-- Listed entries follows --

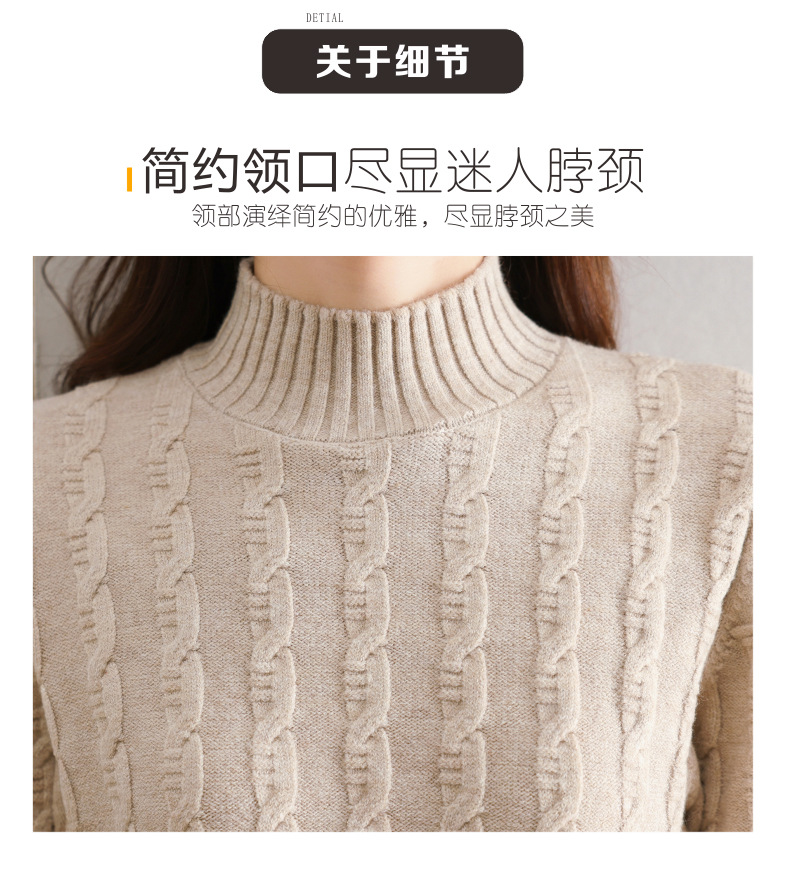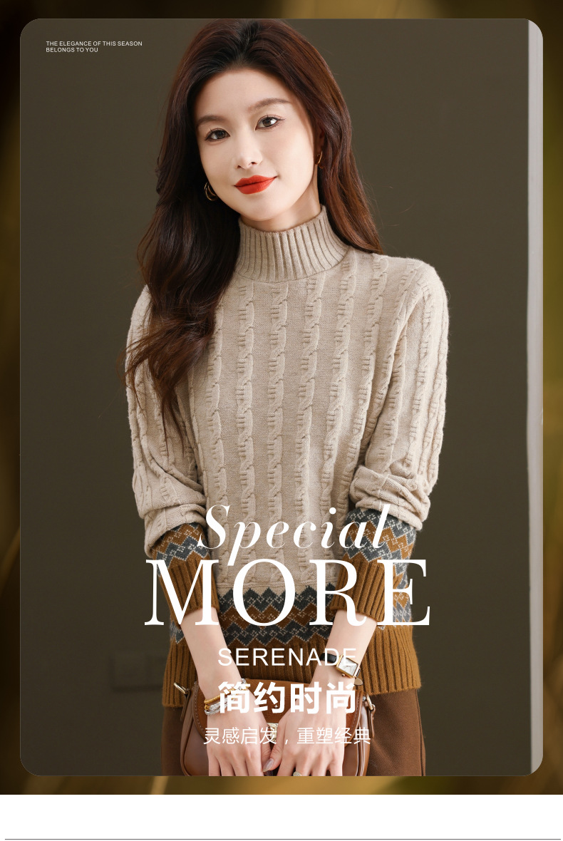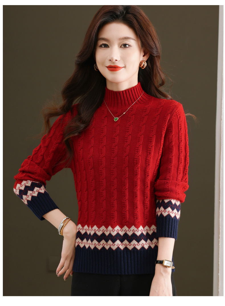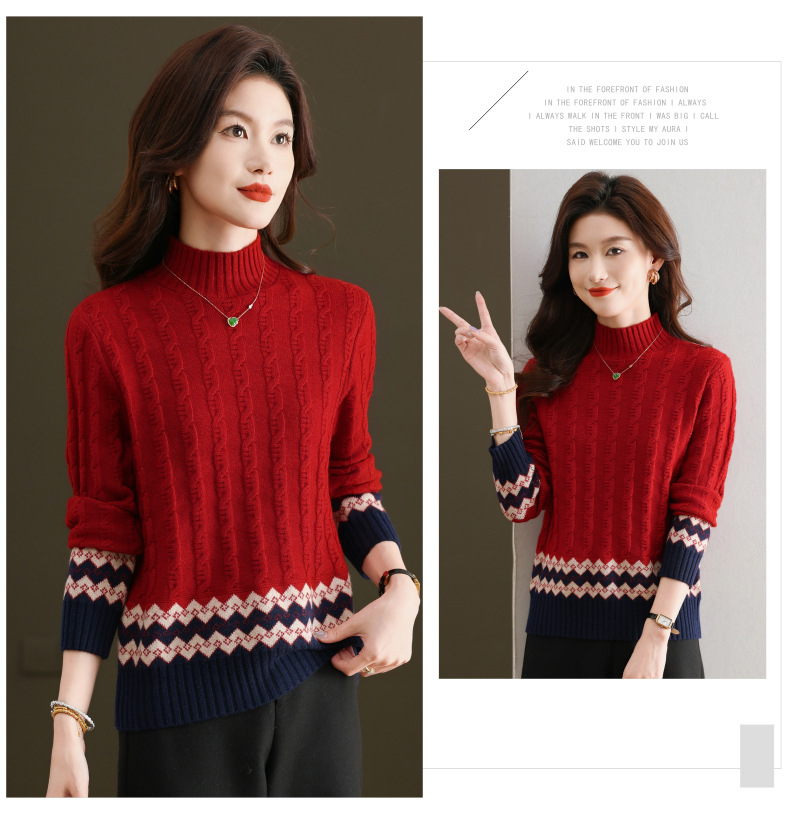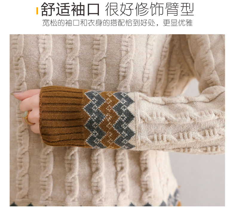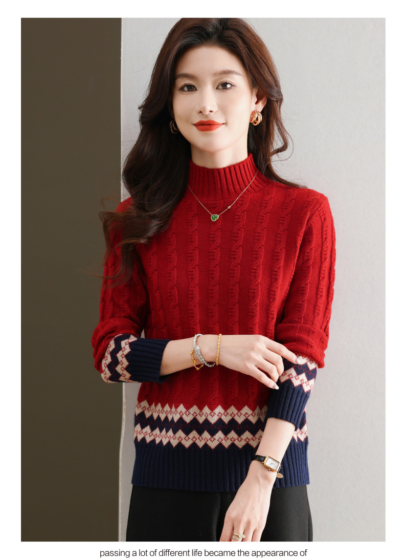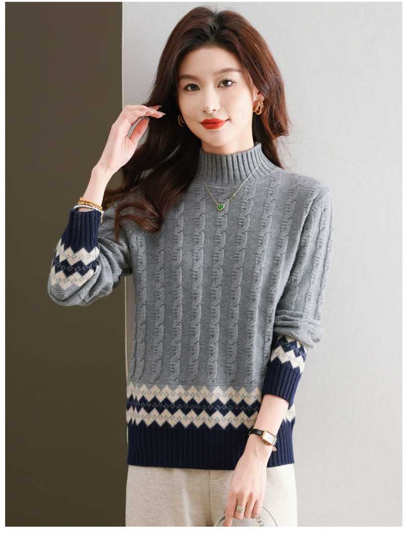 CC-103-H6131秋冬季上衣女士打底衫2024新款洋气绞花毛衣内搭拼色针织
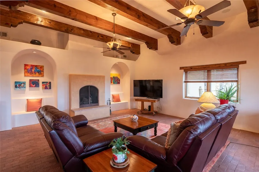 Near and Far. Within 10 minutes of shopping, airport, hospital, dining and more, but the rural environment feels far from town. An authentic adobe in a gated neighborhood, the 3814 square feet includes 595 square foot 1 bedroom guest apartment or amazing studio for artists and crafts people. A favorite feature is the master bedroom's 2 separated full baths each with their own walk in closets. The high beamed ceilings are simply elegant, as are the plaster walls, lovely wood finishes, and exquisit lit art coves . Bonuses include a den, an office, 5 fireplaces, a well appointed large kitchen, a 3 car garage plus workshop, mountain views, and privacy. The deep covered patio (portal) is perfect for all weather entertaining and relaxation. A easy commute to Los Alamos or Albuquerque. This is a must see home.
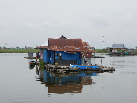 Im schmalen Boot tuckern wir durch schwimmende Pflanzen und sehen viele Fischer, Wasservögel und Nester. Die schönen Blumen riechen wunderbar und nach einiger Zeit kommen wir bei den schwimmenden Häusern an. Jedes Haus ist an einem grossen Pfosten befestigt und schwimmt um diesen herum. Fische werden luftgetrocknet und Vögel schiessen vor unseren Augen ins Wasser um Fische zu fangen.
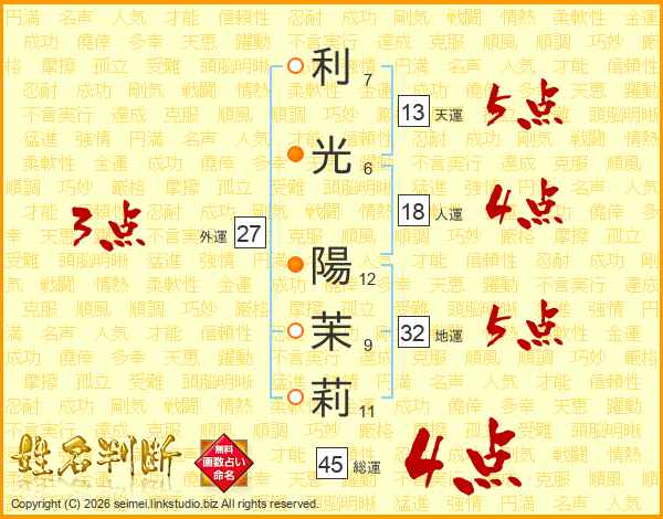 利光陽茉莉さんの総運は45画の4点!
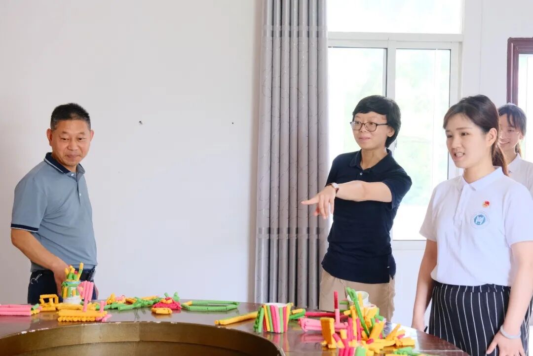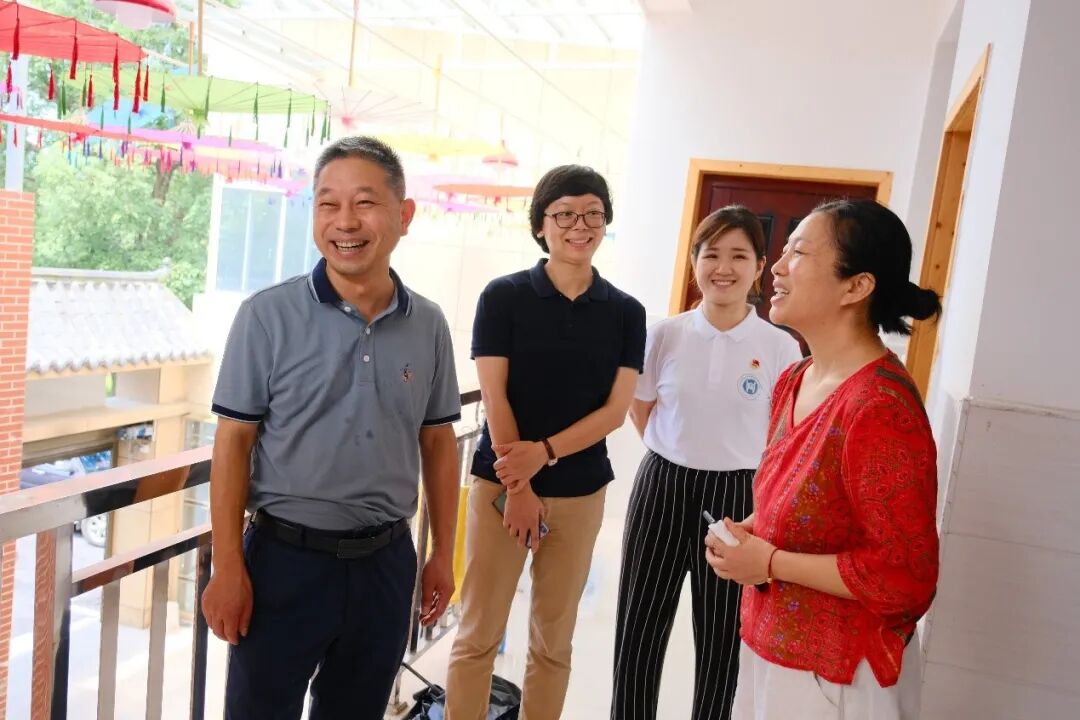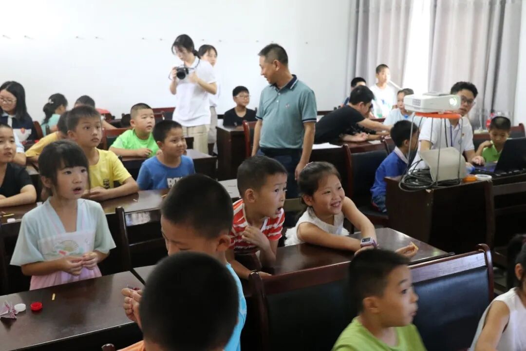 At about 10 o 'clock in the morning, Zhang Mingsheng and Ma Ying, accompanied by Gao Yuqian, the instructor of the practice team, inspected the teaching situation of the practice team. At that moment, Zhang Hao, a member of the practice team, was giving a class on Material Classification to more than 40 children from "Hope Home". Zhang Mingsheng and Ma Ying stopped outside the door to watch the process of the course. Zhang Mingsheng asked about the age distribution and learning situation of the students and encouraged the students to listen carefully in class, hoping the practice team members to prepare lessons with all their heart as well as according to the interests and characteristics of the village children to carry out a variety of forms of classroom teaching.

-- Listed entries concluded --

▸ The problem
Images must not appear; print each record precisely as it reads.

▸ Solution for this problem
 CC-103-H6131秋冬季上衣女士打底衫2024新款洋气绞花毛衣内搭拼色针织
 Near and Far. Within 10 minutes of shopping, airport, hospital, dining and more, but the rural environment feels far from town. An authentic adobe in a gated neighborhood, the 3814 square feet includes 595 square foot 1 bedroom guest apartment or amazing studio for artists and crafts people. A favorite feature is the master bedroom's 2 separated full baths each with their own walk in closets. The high beamed ceilings are simply elegant, as are the plaster walls, lovely wood finishes, and exquisit lit art coves . Bonuses include a den, an office, 5 fireplaces, a well appointed large kitchen, a 3 car garage plus workshop, mountain views, and privacy. The deep covered patio (portal) is perfect for all weather entertaining and relaxation. A easy commute to Los Alamos or Albuquerque. This is a must see home.
 Im schmalen Boot tuckern wir durch schwimmende Pflanzen und sehen viele Fischer, Wasservögel und Nester. Die schönen Blumen riechen wunderbar und nach einiger Zeit kommen wir bei den schwimmenden Häusern an. Jedes Haus ist an einem grossen Pfosten befestigt und schwimmt um diesen herum. Fische werden luftgetrocknet und Vögel schiessen vor unseren Augen ins Wasser um Fische zu fangen.
 利光陽茉莉さんの総運は45画の4点!
 At about 10 o 'clock in the morning, Zhang Mingsheng and Ma Ying, accompanied by Gao Yuqian, the instructor of the practice team, inspected the teaching situation of the practice team. At that moment, Zhang Hao, a member of the practice team, was giving a class on Material Classification to more than 40 children from "Hope Home". Zhang Mingsheng and Ma Ying stopped outside the door to watch the process of the course. Zhang Mingsheng asked about the age distribution and learning situation of the students and encouraged the students to listen carefully in class, hoping the practice team members to prepare lessons with all their heart as well as according to the interests and characteristics of the village children to carry out a variety of forms of classroom teaching.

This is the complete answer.